Fra gli italiani si ha un
morto: SIMULA, il quale si era messo a
sparare all’impazzata, allo scoperto, allo scopo di deviare
l’attenzione della pattuglia e di permettere
l’agguato e muore falciato da una raffica
avversaria.
Si
combatte ancora strenuamente per la presa del fiume, il combattimento
si spezza in lotte accanite di piccoli gruppi fra le insidie dei
canneti, delle siepi, delle coltivazioni, si progredisce molto
lentamente e con troppe perdite.
Il guado è battuto da mortai e cannoni e tra le fitte salve
si vedono piccoli gruppi d’italiani, che si distinguono dalla
divisa cachi, avventurarsi correndo, sostando ansanti
sull’altra sponda, sparire tra il verde. La lotta era ancora
incerta e si deve sfondare; allora si lancia il battaglione degli
arditi di Boschetti, freschissimo, saldo, gioioso, sicuro, passa come
un’ala oltre il fiume, irrompe come una molla
compressa, spezza, travolge le resistenze ancora ostinate, ma
vacillanti per lo sforzo accanito di una intera giornata. Su, su per
i dossi, nell’aria che imbruniva,
incalzano il gregge dei fuggenti, come una muta latrante, con le gole
dei mitra... ed alle 10 di sera sul paesetto di Rustico sventola il
tricolore.
Il sottotenente TOTI nei pressi dell’abitato di Rustico, nel
furore della battaglia, viene colpito e non vi è speranza di
salvarlo. Toti, una faccia aperta, un viso giovane che guarda negli
occhi il tenente medico che sta curandolo e gli dice:
«Dottore quando sarò spirato, ti prego, non
abbassarmi le palpebre... tendimi col viso in alto e lasciami guardare
a occhi
aperti... voglio guardare, fino a che la terra non mi avrà
coperto e finché mi sarà possibile... il bel
cielo d’Italia...». Ecco come muore il soldato
italiano.
Gli arditi non hanno un plotone portaferiti, una ambulanza, sono pochi e tutti devono combattere.

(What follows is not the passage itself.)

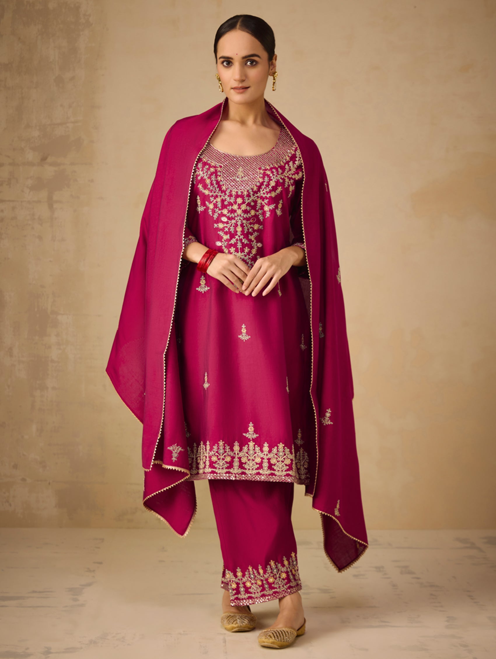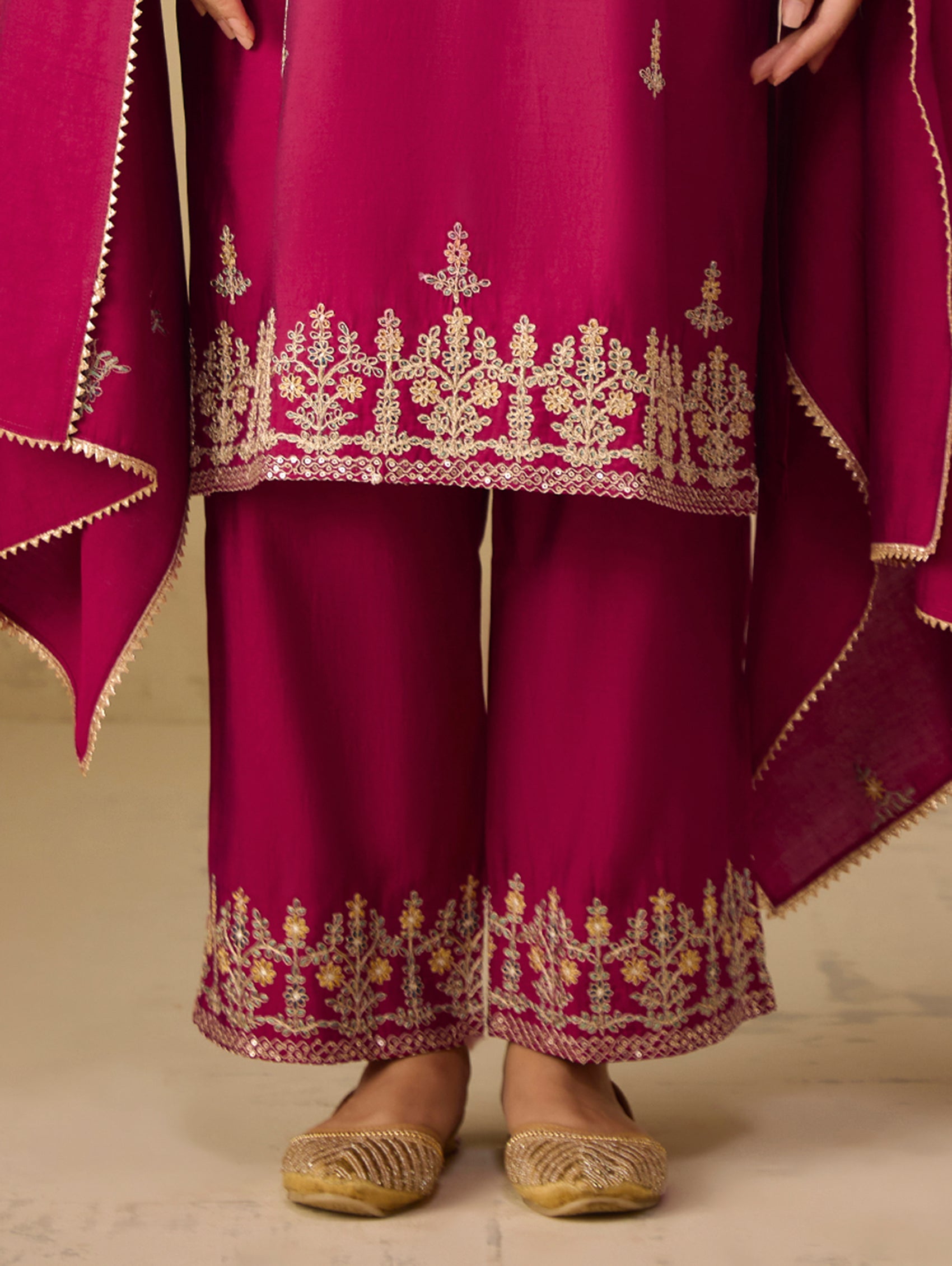 • Short Kurti with mandarin collar, full sleeves, and side slits open
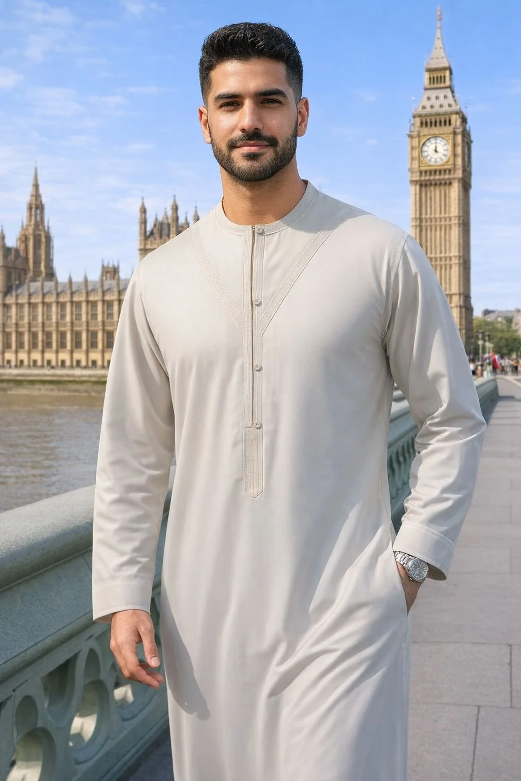 Sophistication in simplicity. This stone-grey Thobe offers a clean, architectural look with its hidden

Durante il combattimento nessuno può lasciare il suo posto, non pochi muoiono per dissanguamento, per mancanza di cure, mentre i loro lamenti, inascoltati, si perdono nel fragore degli scoppi. Il colonnello Boschetti di fronte a quei poveretti, che gemono inchiodati dalle ferite, si sente quasi colpevole... Va da alcuni contadini e prega che con un carro cerchino di recuperare i feriti, dirigendosi dove odono un lamento o richiamo.